In the records below, repeat exactly the lines between the line holding "Эта картина была" and the line holding "Handmade stretch bracelet", inclusive, and drop the pictures.

[DATA EXTRACTS]

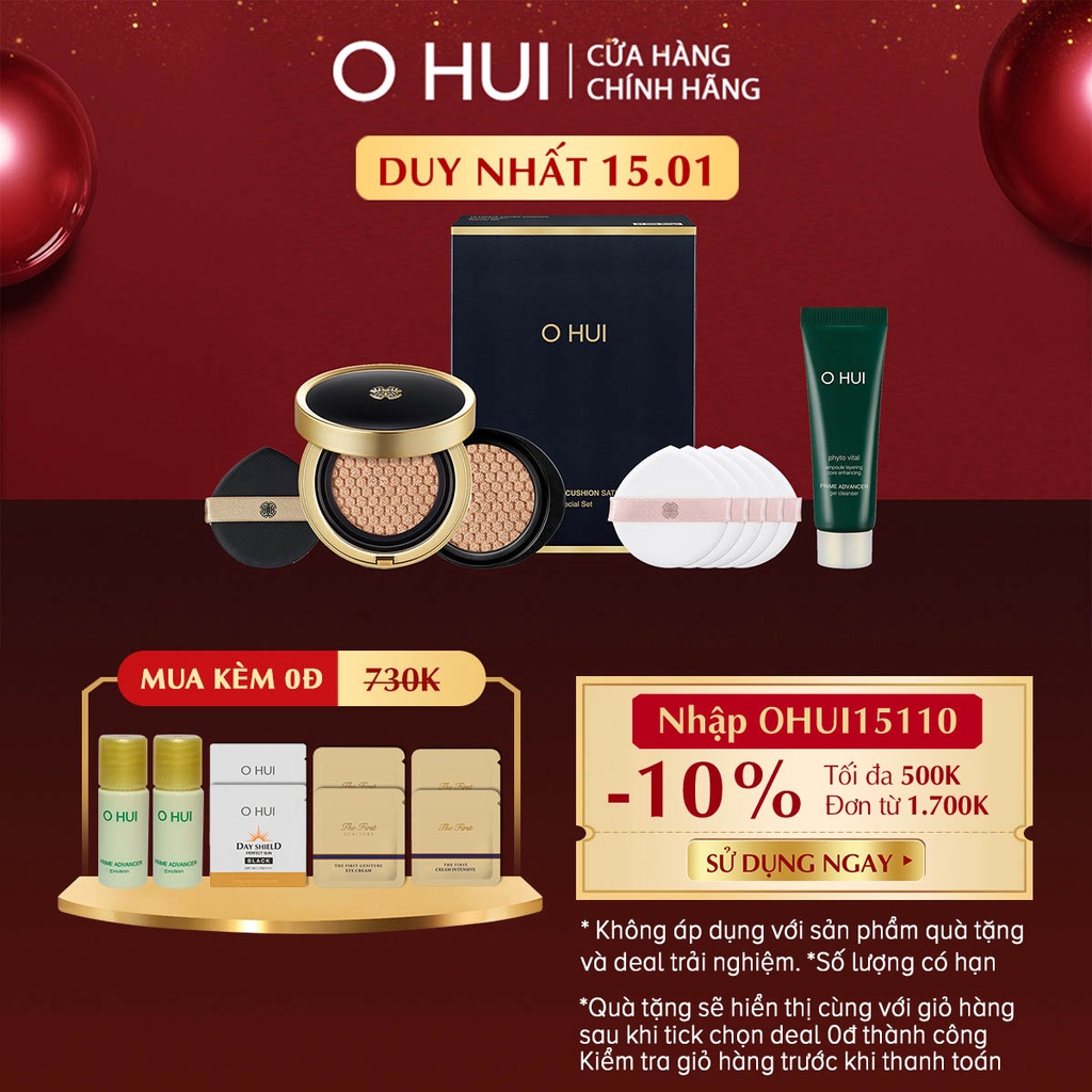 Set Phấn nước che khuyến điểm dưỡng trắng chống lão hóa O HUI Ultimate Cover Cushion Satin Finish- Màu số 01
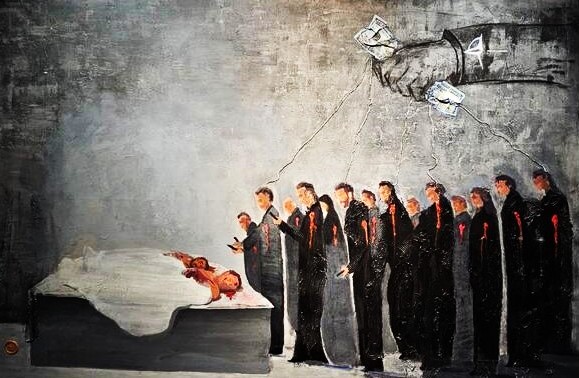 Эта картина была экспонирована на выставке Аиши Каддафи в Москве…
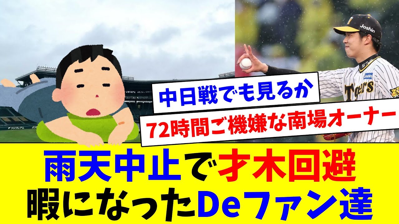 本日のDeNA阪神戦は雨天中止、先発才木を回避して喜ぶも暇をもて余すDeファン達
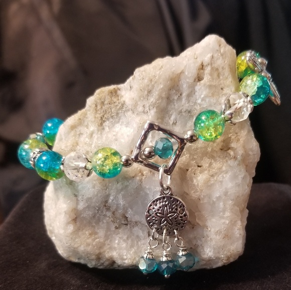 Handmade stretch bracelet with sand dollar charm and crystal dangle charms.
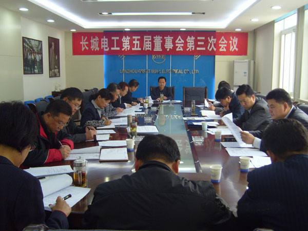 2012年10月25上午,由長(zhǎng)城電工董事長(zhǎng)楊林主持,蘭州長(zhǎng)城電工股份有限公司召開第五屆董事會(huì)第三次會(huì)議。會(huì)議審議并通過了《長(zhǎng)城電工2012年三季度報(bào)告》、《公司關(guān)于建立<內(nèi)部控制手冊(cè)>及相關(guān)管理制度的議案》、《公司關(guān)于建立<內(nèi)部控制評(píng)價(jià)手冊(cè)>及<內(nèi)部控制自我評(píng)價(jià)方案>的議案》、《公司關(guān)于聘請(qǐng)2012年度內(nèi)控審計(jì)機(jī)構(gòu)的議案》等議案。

[/DATA EXTRACTS]

RESULT FOR THIS EXERCISE:
 Эта картина была экспонирована на выставке Аиши Каддафи в Москве…
 本日のDeNA阪神戦は雨天中止、先発才木を回避して喜ぶも暇をもて余すDeファン達
 Handmade stretch bracelet with sand dollar charm and crystal dangle charms.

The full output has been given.